*** Source material ***
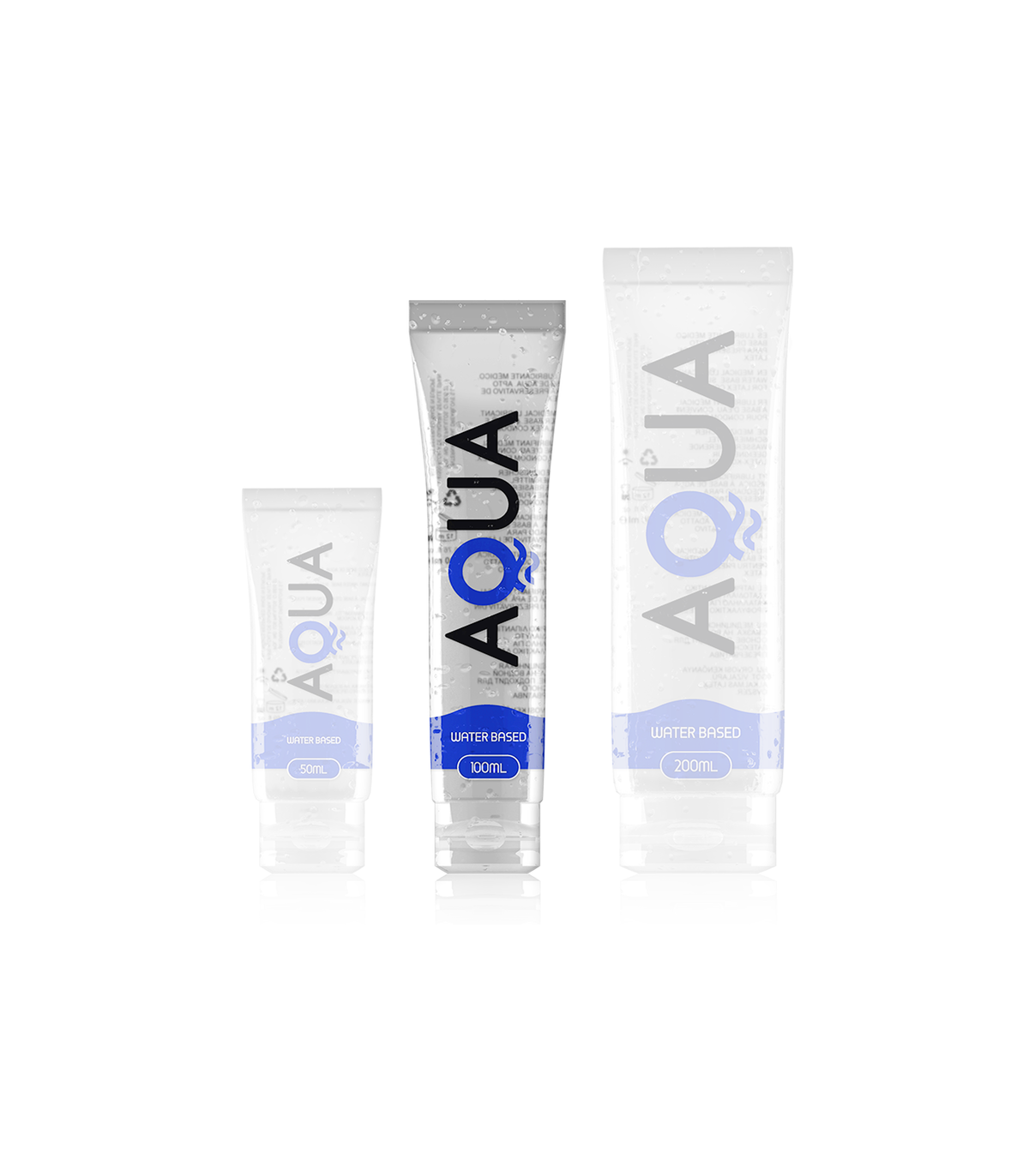 AQUA ® también es excelente para usar con preservativos  o simplemente piel con piel. A diferencia de muchos otros lubricantes a base de agua, AQUA ®   no deja residuos. Además, su transparente botella se ve genial en tu mesita de noche.
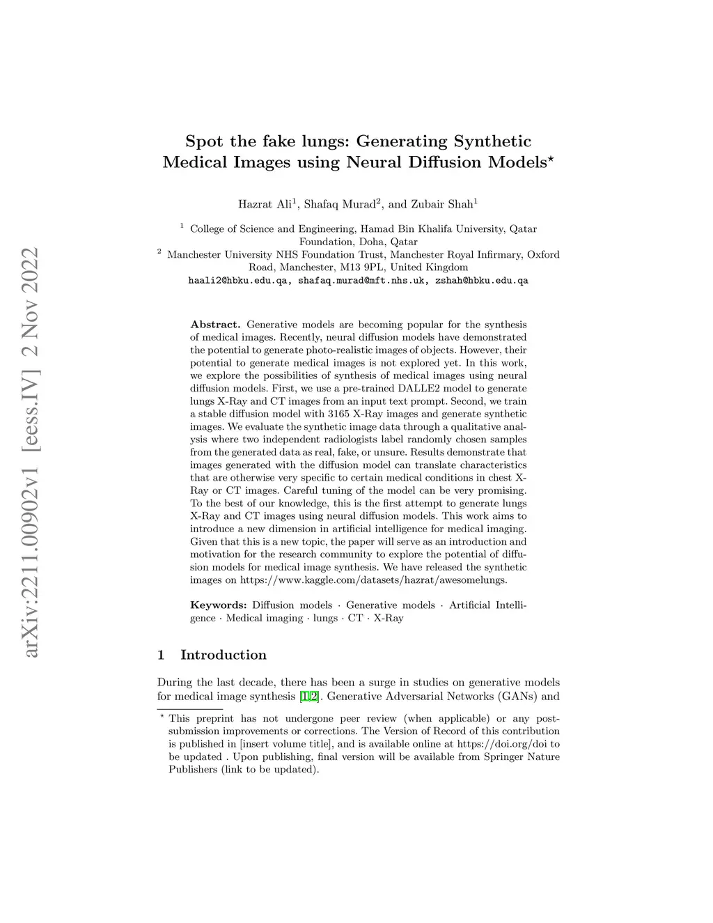 Spot the fake lungs: Generating Synthetic Medical Images using Neural
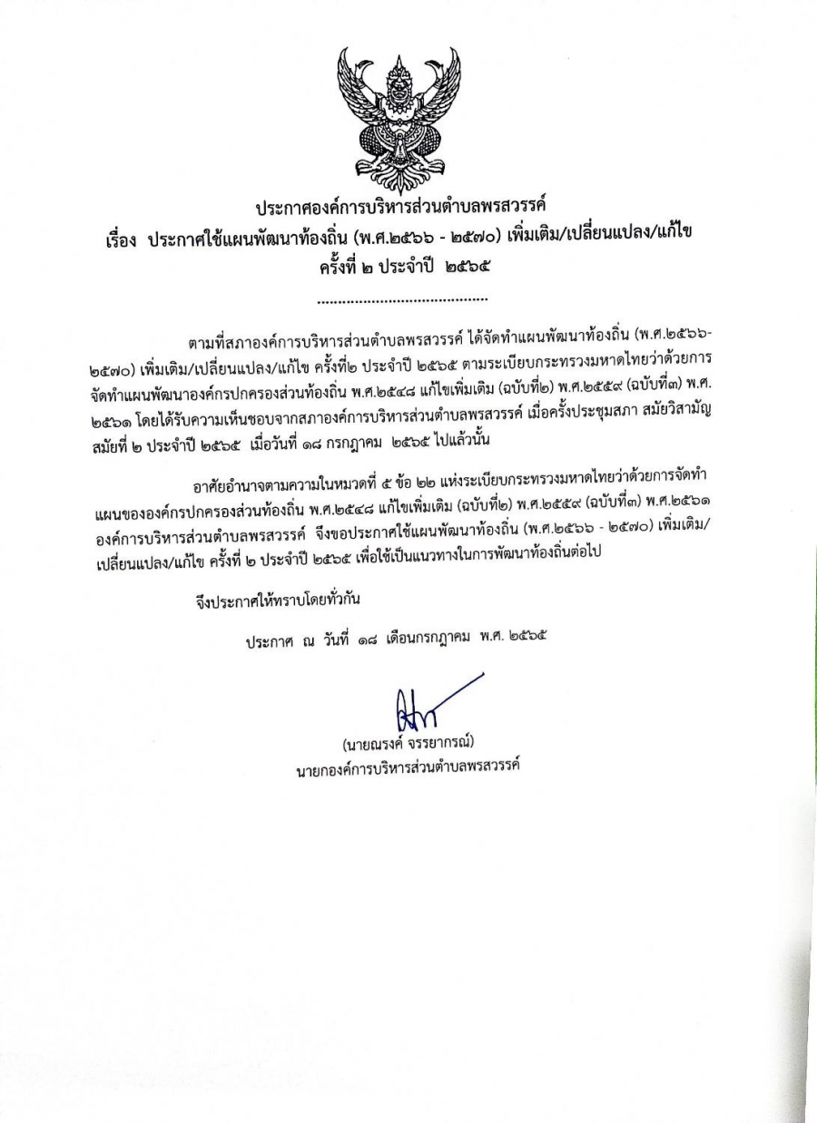 แผนพัฒนาท้องถิ่น (พ.ศ.2566 - 2570) เพิ่มเติม/เปลี่ยนแปลง/แก้ไข ครั้งที่ 2 ประจำปี 2565
*** End of Source material ***
-- What you need to do --
The material above must be printed exactly, with its pictures left out.

-- Solution for this exercise --
 AQUA ® también es excelente para usar con preservativos  o simplemente piel con piel. A diferencia de muchos otros lubricantes a base de agua, AQUA ®   no deja residuos. Además, su transparente botella se ve genial en tu mesita de noche.
 Spot the fake lungs: Generating Synthetic Medical Images using Neural
 แผนพัฒนาท้องถิ่น (พ.ศ.2566 - 2570) เพิ่มเติม/เปลี่ยนแปลง/แก้ไข ครั้งที่ 2 ประจำปี 2565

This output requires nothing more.